Atchison, Topeka & Santa Fe Railway Co. v. Boyle Commission Co.
Atchison, Topeka & Santa Fe Railway Co. v. Boyle Commission Co.
Opinion of the Court
The opinion of the court was delivered by
The Boyle Commission Company appeals from a judgment against it in favor of the Atchison, Topeka & Santa Fe Railway Company for the freight charges on a shipment of potatoes from Fort Gibson, Okla., to Colorado Springs, Colo., reconsigned to Denver. At Denver the consignee refused to receive the potatoes on account of their damaged condition. The railway company sold them for $30, leaving unpaid charges to the amount of $103.45.
The sole question involved here is whether there was any evidence to support a finding that the defendant was the consignor. The bill of lading was ambiguous, and oral evidence was admissible to show the real relations of the parties to the
A stipulation covering certain agreed facts was filed, containing this statement, among others: “That said potatoes were grown by one R. L. Bunch on his farm at or near Fort Gibson, Oklahoma, and that the defendant advanced the said R. L. Bunch $60 on said potatoes at the time same were being loaded into the car.” Oral testimony by the defendant tended to show that the sixty-dollar transaction referred to was a mere general loan of that amount by it to Bunch. But the admitted fact that the sum was advanced on the potatoes while they were being loaded into the car warrants an inference that it was loaned on that security, and that' at the time of making the shipment the commission company held possession of the potatoes with a lien on them to the amount of $60, and was acting in its own behalf. If immediately after the money had been advanced, and before the potatoes had been accepted by the railway Company, their shipment had been prevented or abandoned, the evidence and stipulation referred to would have warranted a finding that the defendant had the right to retain possession of them until its loan should be repaid.
2. Assuming that the commission company was in fact acting solely as the agent of Bunch in shipping the potatoes, the evidence would not compel the conclusion that the station agent who acted for the railway company in the transaction knew of that fact. The representative of the defendant gave this testimony concerning his talk with the station agent, apparently referring to the potatoes handled from Fort Gibson, rather than to this particular shipment:
“I explained to him that we were handling this Fort Gibson deal on the commission basis with percentage, what we were getting out of it*168 was a minimum guarantee. Also told him of various parties, quite a number of them, we had been lending money to dig the crops. I talked to him in general about the conditions of the deal.”
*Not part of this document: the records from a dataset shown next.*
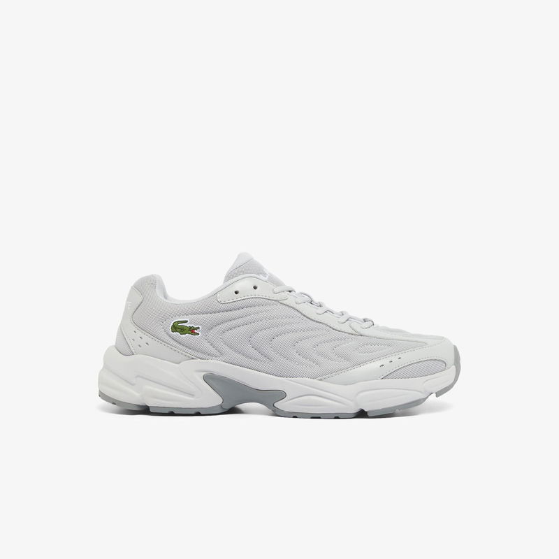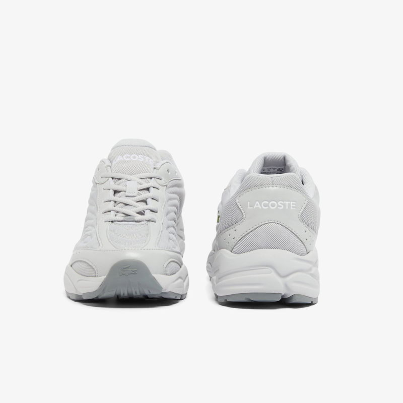 Mens Lacoste Storm 96 2K Lite Leather Sneakers in grey - white The Storm 96 2K Lite is a lifestyle design inspired by Lacoste's very first running shoe re-inventing 2000s running style for modern men.
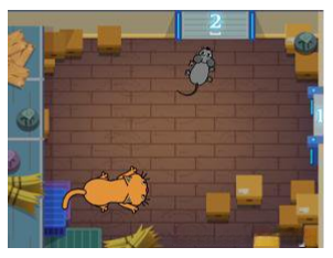 使用下列哪个积木, 能够最快捷地让小猫面向老鼠? ( )
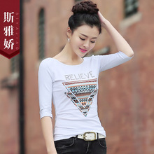 斯雅娇2017夏新款女装五分中袖半袖t恤女款修身大码上衣体恤棉
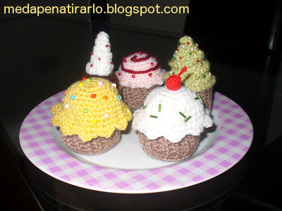 Hay gente que aprovecha estos cupcakes para alfileteros, y la verdad que el de la cereza queda muy aparente. Yo es que no sé qué pinta un cupcake como alfiletero, más bien creo que se puede aprovechar cualquier otro animalito (empezando por un erizo) para dedicarlo a ese uso...
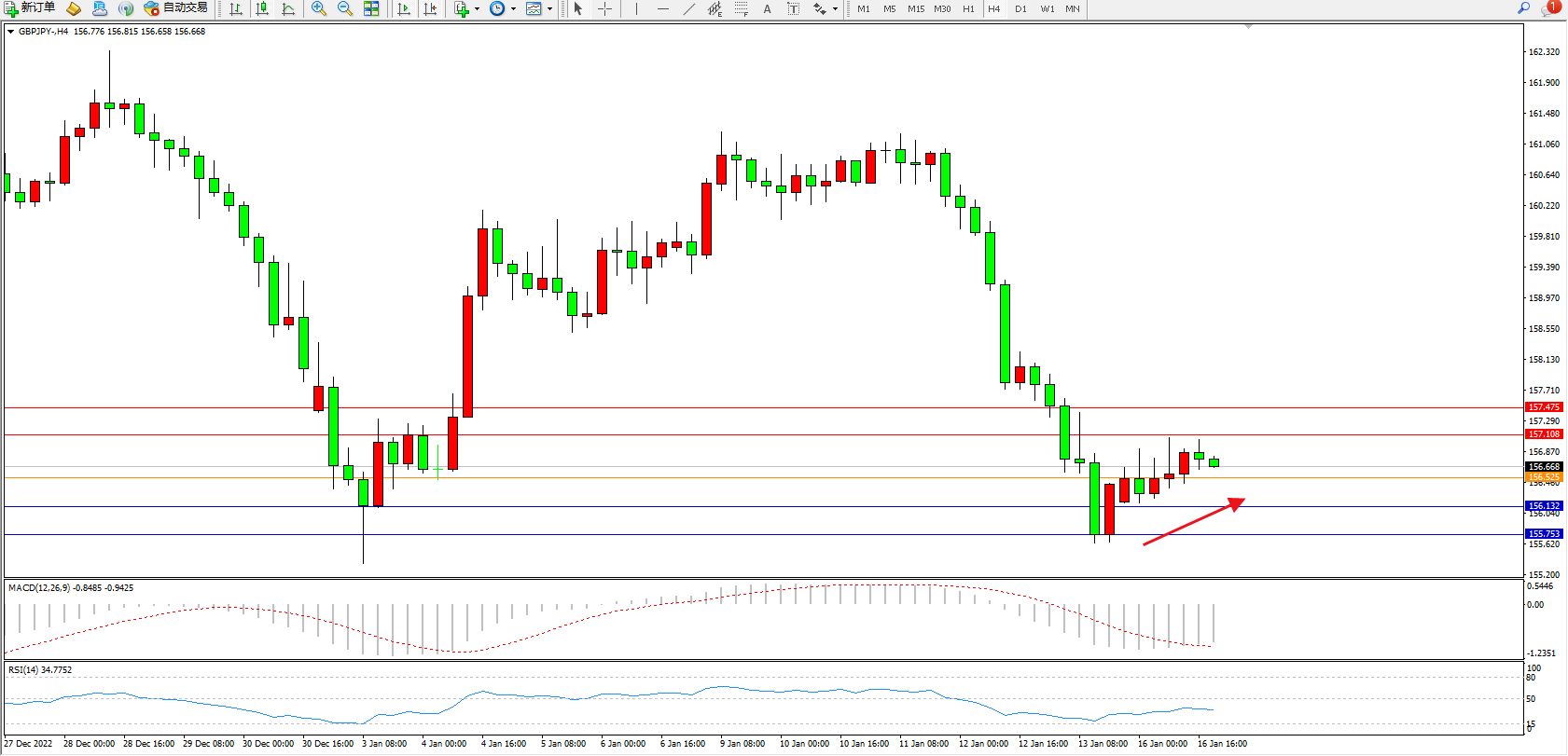 备选策略:156.525下方看跌,目标156.132、155.753

He also testified that he had lent money to Bunch and to other farmers to enable them to market their crop: — to dig the potatoes — and that the loan to Bunch was made “so that he could handle his output”; and to the question whether the $60 was advanced on this shipment of potatoes he answered: “Not on that particularly.” We do not regard the evidence quoted as necessarily establishing knowledge on the part of the station agent that the commission company was not making the shipment in its own behalf, although it doubtless showed notice to him that Bunch was the owner of the potatoes, subject to the defendant’s interest in them.
The judgment is affirmed.
Reference
- Full Case Name
- The Atchison, Topeka & Santa Fe Railway Company v. The Boyle Commission Company
- Cited By
- 1 case
- Status
- Published
- Syllabus
- SYLLABUS BY THE COURT. 1. Shipment of Potatoes — Commission Company Both Consignor and Comignee — Liable for Freight. In an action by a railroad company against a commission company for the freight charges on a carload of potatoes consigned to the latter, the sole question in controversy being whether the defendant or the owner of the potatoes was the consignor, the defendant maintained that, while it had made the shipment, it did so as the agent of the owner of the potatoes, and not in its own behalf, but admitted that at the time they were being loaded into the car it advanced $60 to the owner on them. Held, that a finding was justified that the defendant was the consignor and was liable for the freight. 2. Same. It is further held' that, even assuming that the defendant in making the shipment was acting solely as the agent of the owner, the evidence did not compel a finding that the plaintiff had knowledge of that fact.